Out of the corner of his eye he saw the camera swivel slowly away from them.

‘There’s at least fifty monitor screens inside,’ she said, ‘they can’t watch them all at once. As soon as it’s facing the other way, we have to go quickly.’

‘Go where?’ he said, looking at the fence, but she glanced up at the camera and was off, straight into the bushes. He followed, pushing between the branches and found himself up against the wire mesh, next to her.

‘Damn,’ she said, ‘they’ve fixed it. There was a gap here last time. We’ll just have to climb.’

Climb? He looked up at ten feet of mesh. ‘Won’t someone see us?’

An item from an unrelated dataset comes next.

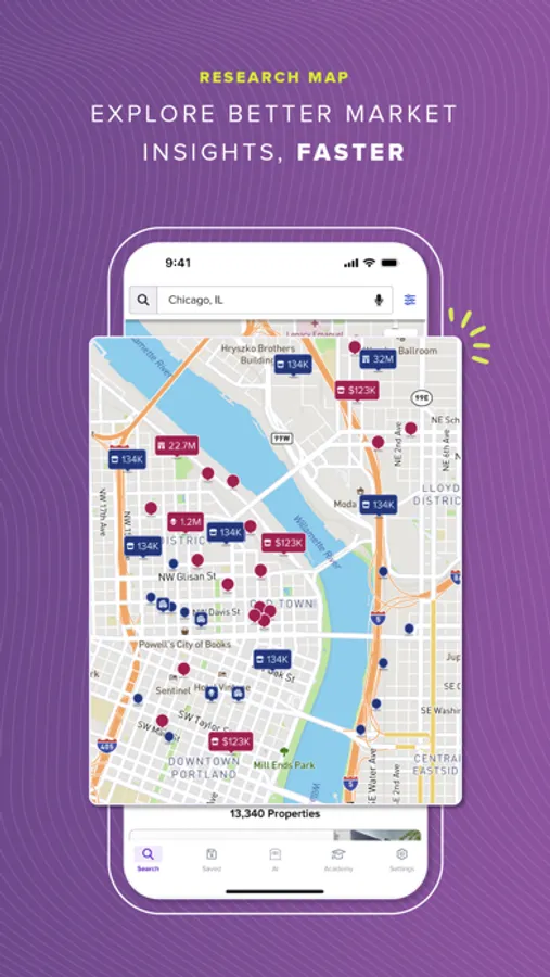 The app provides a dynamic research map that can be filtered and searched regionally by property and investment type to provide exactly what your investment criteria require. Drill down on a specific business district, or compare market trends nationwide.

‘Maybe. Maybe not.’ He was talking to her feet. She was up the fence like a cat and he had to go after her. His feet were bigger than hers and the toes of his shoes were blunter so it was hard to get much purchase in the diamond gaps of the mesh. His fingers took the strain, making him wish for gloves. He felt as vulnerable as it was possible to be as they climbed higher, certain that at any moment someone would look out of a window or glance at a monitor. He pushed the thought out of his mind and went on climbing, aware that Heather had already reached the top and swung quickly down the far side.

The top was the worst bit, something he hadn’t been good at even on the assault courses of his extension training, a knife-edge frontier, defying balance. Heather’s voice reached him.

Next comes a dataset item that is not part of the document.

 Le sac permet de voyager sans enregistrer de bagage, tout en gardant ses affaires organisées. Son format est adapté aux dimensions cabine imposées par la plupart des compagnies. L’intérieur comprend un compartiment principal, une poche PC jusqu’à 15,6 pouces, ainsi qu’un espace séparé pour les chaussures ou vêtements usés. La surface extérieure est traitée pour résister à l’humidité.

‘Roll over it. Reach down for a handhold, head first, and swing your body down.’

That hurt. His fingers, hooked into the narrow wire, took the full momentum of his thirteen stones swinging downwards. When they could take no more, he let go and fell the remaining distance, rolling as he hit the ground and coming up panting, but unhurt.

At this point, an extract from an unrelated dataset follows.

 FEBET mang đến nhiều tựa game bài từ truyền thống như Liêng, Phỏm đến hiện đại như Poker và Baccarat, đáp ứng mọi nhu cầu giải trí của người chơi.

‘Right,’ she said, ‘I’ll tell you about it as we walk, but don’t look round like a tourist – only if I point things out. You’ve got to be so engrossed in me that no one expects us say anything to them as we pass. Talk very quietly though in case they hear your accent.’

They’d crossed a strange national border into a mongrel land where the worst of British council house architecture was surrounded by a sedimentary layer of Americanization. Some of the cars parked at the kerb seemed to rival the houses in size. Bright red and yellow plastic was everywhere, slides, sandpits, climbing frames; their colours, designed to battle Texan sunshine, undimmed by the Yorkshire sky’s feeble challenge.

There were houses both sides of the curving road, brick houses built in ugly little terraces, four to each terrace with open grass around them. Beyond the houses they came to a school with a red roof, bright pictures taped to the windows surrounded by a playground full of more climbing frames, ladders, scrambling nets though the plastic was here replaced by wood, soaked in red ranch-paint. After that was a bank with an unfamiliar cash machine in the wall, then a big building with a glass conservatory built on one side in which they could see people eating.